Optional parameters after skill name:

Parameter	Default	Description
`--areas N`	3	Number of expansion areas to propose
`--concepts-per-area N`	7	Domain concepts per area
`--bridging-per-area N`	3	Bridging/interlinkage concepts per area
`--vocabulary V`	Auto (smallest)	Target specific vocabulary file
`--from-kb <path>`	None	Extract concepts from KB document instead of web search
`--dry-run`	false	Output project plan without writing to vocabulary
`--skip-web-search`	false	Use KB-only gap analysis (no web research)
`--skip-enhance`	false	Skip enhancement of matched concepts during deduplication
`--plan`	false	Output structured expansion plan without executing
`--summary`	false	Output only summary metrics
`--provenance "desc"`	None	Strategic context that triggered this expansion (event, motivation, audience)

Examples:

/aget-expand-ontology — Auto-detect thinnest vocabulary, 3 areas, 7+3 concepts each
/aget-expand-ontology --vocabulary ontology/ONTOLOGY_personal_ai_systems_v1.0.yaml — Target specific vocabulary
/aget-expand-ontology --from-kb knowledge/REPORT.md — Document-driven expansion
/aget-expand-ontology --dry-run — Propose expansion without writing
/aget-expand-ontology --concepts-per-area 5 --bridging-per-area 2 — Smaller expansion
/aget-expand-ontology --provenance "Marcus 1:1 surfaced missing meta-concepts for team topology" — Expansion with strategic context

Configuration

The ontology config block in frontmatter defines all paths.

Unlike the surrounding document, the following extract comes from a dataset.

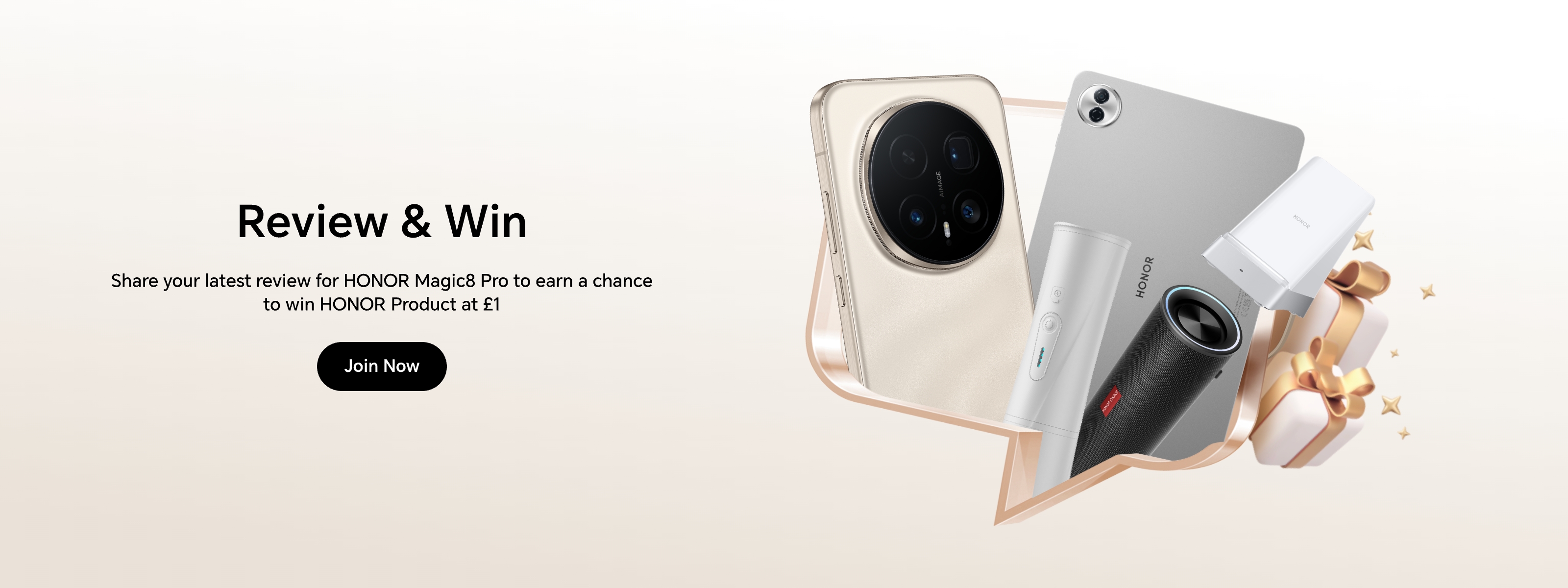 HONOR Pad X9a (First come, Fist served) & HONOR SuperCharge Power Adapter GaN (Max 100W) & HONOR CHOICE HONOR Magic8 Pro Case (Gifts worth £289.9), First come first serve, Only on HONOR UK.

Agents MUST customize this block for their vocabulary layout:

ontology:
  vocabulary_glob: "ontology/ONTOLOGY_*.yaml"           # Glob for vocabulary files
  validation_command: "test -f tools/validate_ontology.py && python3 tools/validate_ontology.py --format=report --log-history || echo 'Validation skipped (tools/validate_ontology.py not available)'"
  quality_history: "ontology/QUALITY_HISTORY.yaml"       # Expansion audit trail
  vocabulary_index: "ontology/VOCABULARY-INDEX.md"       # Optional index file
  project_prefix: "ONTO"                                # Expansion project ID prefix
  staging_file: "ontology/EXPANSION_CANDIDATES.yaml"     # Deferred concepts staging

Example configurations:

Standard agent: vocabulary_glob: "ontology/ONTOLOGY_*.yaml"
Professional-core: vocabulary_glob: "vocabulary/INTELLIGENCE_VOCABULARY_v*.yaml"
Multi-vocabulary: vocabulary_glob: "knowledge/frameworks/*-vocabulary-skos.yaml"

Execution

Step 0.5: Prerequisite Validation

Before loading state, validate required files exist:

Check vocabulary files match vocabulary_glob from config block
Check quality_history file exists (or create empty)
Check validation command is available

If prerequisites fail, STOP and advise which files are missing.

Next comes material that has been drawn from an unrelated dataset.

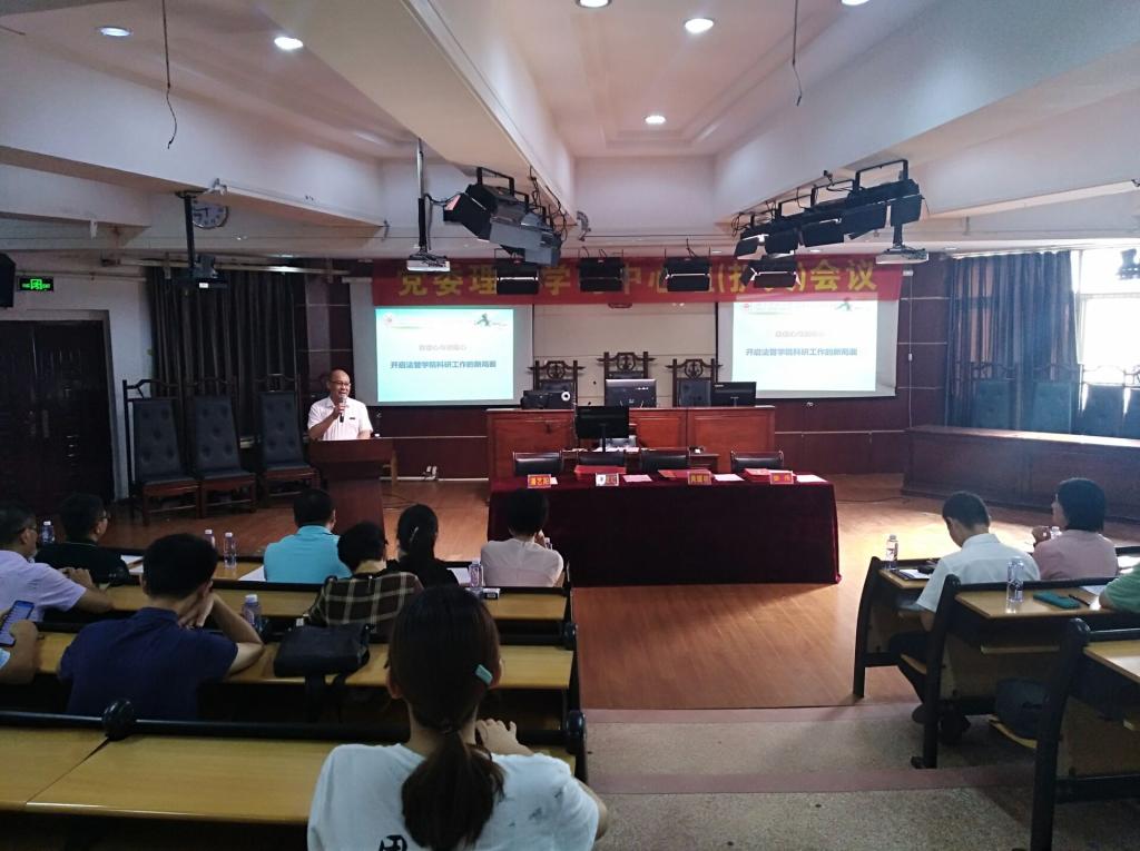 副院长黄耀明作题为《自信心与进取心,打开法管学院科研建设的新局面》的科研工作部署。黄耀明指出,新学期科研工作要增强自信心和进取心,争取三年内达到人人做科研,人人有课题的目标,并提出实施科研攻坚计划,推进老师科研三年(2019-2021)清零行动的具体措施,包括建立科研创新团队,开设科研创新沙龙,支持青年老师将参与横向课题转化为校内课题,推荐优秀论文及学术成果发表专栏,争取建言献策受到批示及成果转化等。

Step 1: Load Current Ontology State

Read required files to understand current state:

List vocabularies matching config vocabulary_glob
If --vocabulary specified, filter to that file only
Read target vocabulary (smallest by concept count if multiple)
Parse concept scheme, clusters/topics, and concept counts
Read quality history from config quality_history path

Step 1b: Capture Expansion Provenance

If --provenance was provided, store it for use in Steps 8 and 10.

If --provenance was NOT provided, prompt:

What triggered this expansion? Briefly describe the event, motivation, or audience (e.g., "Marcus 1:1 surfaced missing meta-concepts" or "pre-release vocabulary gap audit"). Press Enter to skip.

If user provides a response, store as provenance. If skipped, provenance is null (no provenance recorded — expansion proceeds without strategic context).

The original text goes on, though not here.